» What to produce
Tally the lines in the entries below where the string "critical" occurs. Reply with the total alone.

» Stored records
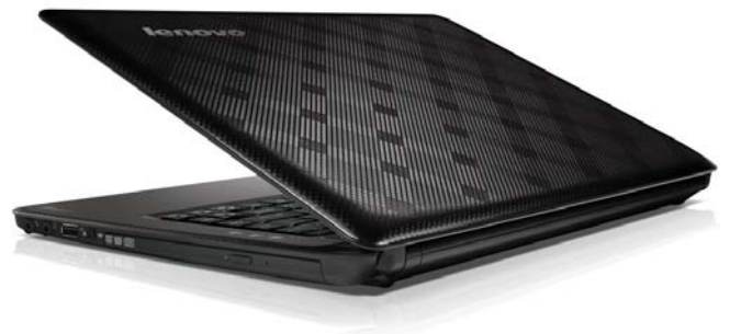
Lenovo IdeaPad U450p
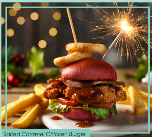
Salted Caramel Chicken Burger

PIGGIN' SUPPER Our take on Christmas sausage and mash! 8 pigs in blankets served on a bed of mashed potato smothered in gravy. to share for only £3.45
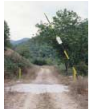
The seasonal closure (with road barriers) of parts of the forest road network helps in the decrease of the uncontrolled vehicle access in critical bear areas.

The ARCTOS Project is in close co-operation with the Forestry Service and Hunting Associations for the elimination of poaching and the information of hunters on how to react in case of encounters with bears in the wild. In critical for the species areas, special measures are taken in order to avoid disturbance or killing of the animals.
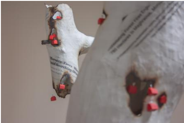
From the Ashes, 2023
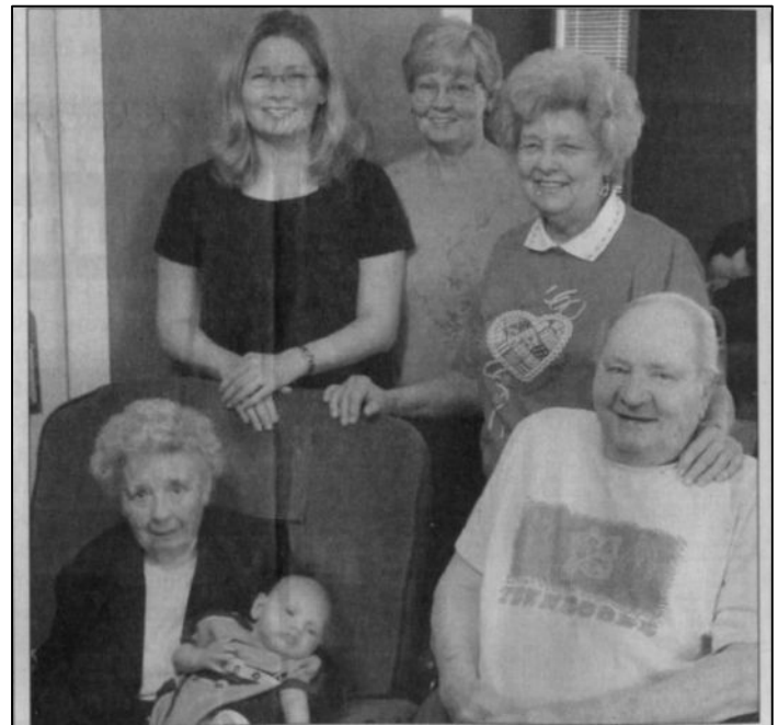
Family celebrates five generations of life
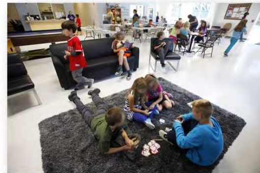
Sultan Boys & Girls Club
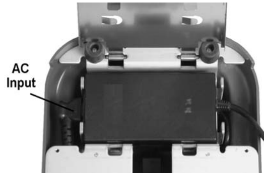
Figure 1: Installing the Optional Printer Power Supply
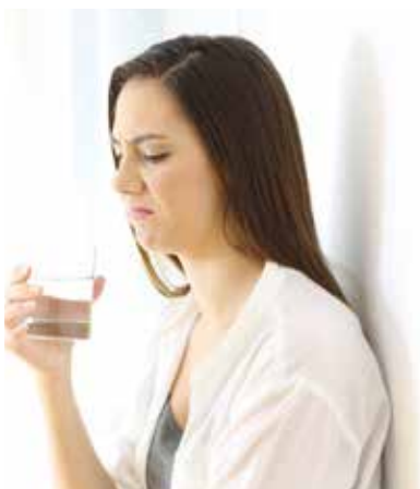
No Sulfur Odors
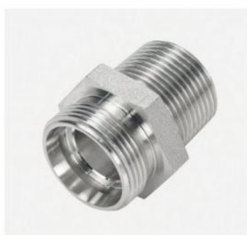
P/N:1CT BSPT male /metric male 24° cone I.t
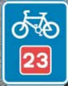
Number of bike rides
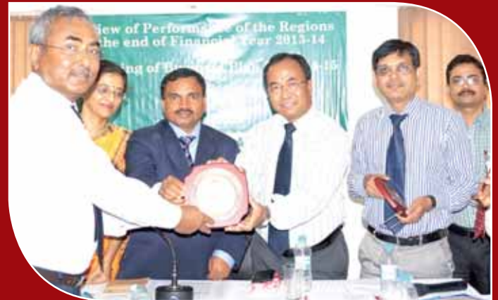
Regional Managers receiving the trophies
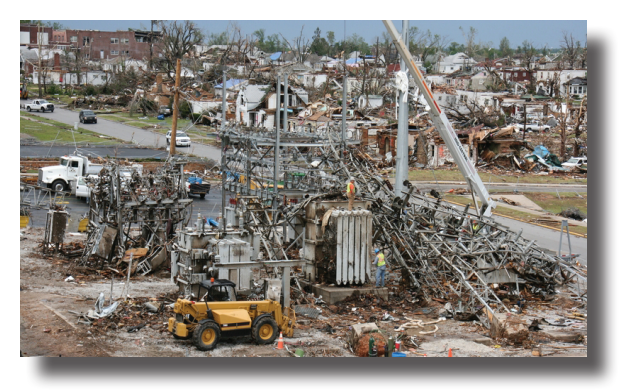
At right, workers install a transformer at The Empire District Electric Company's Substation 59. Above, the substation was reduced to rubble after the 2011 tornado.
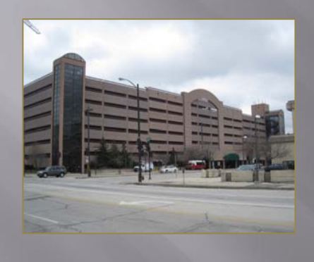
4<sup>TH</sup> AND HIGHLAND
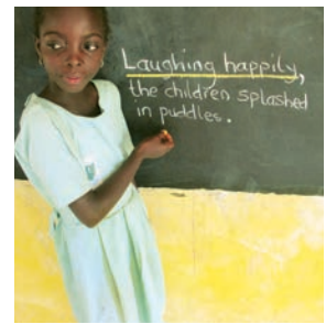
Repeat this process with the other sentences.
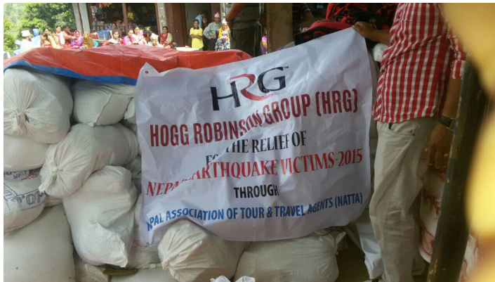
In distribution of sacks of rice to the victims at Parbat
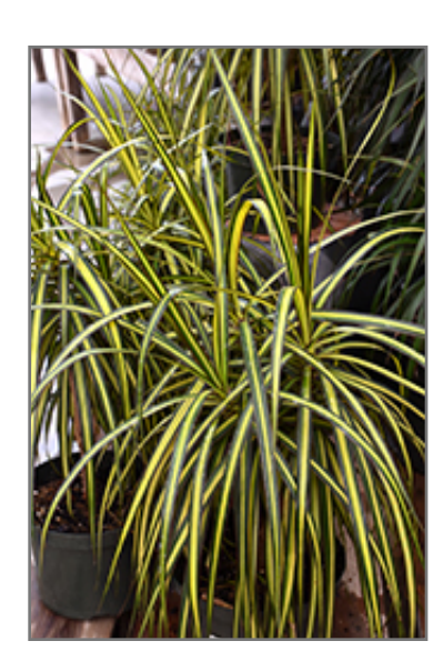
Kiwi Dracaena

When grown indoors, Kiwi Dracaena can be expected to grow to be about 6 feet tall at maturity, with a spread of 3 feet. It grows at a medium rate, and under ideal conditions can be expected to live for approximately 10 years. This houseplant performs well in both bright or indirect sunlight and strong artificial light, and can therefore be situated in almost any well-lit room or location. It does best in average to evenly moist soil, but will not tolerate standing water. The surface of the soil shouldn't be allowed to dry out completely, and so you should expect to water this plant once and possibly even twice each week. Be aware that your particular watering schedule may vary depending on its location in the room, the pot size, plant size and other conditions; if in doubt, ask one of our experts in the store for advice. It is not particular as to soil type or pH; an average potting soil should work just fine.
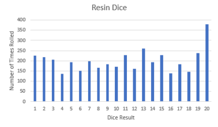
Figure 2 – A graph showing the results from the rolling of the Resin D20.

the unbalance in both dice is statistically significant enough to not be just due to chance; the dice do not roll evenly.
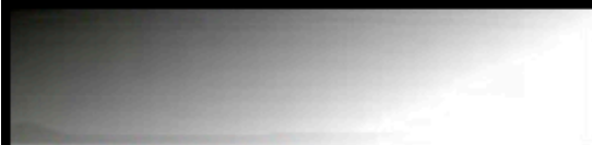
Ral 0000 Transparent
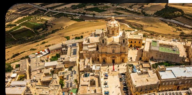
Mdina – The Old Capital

» Written answer
2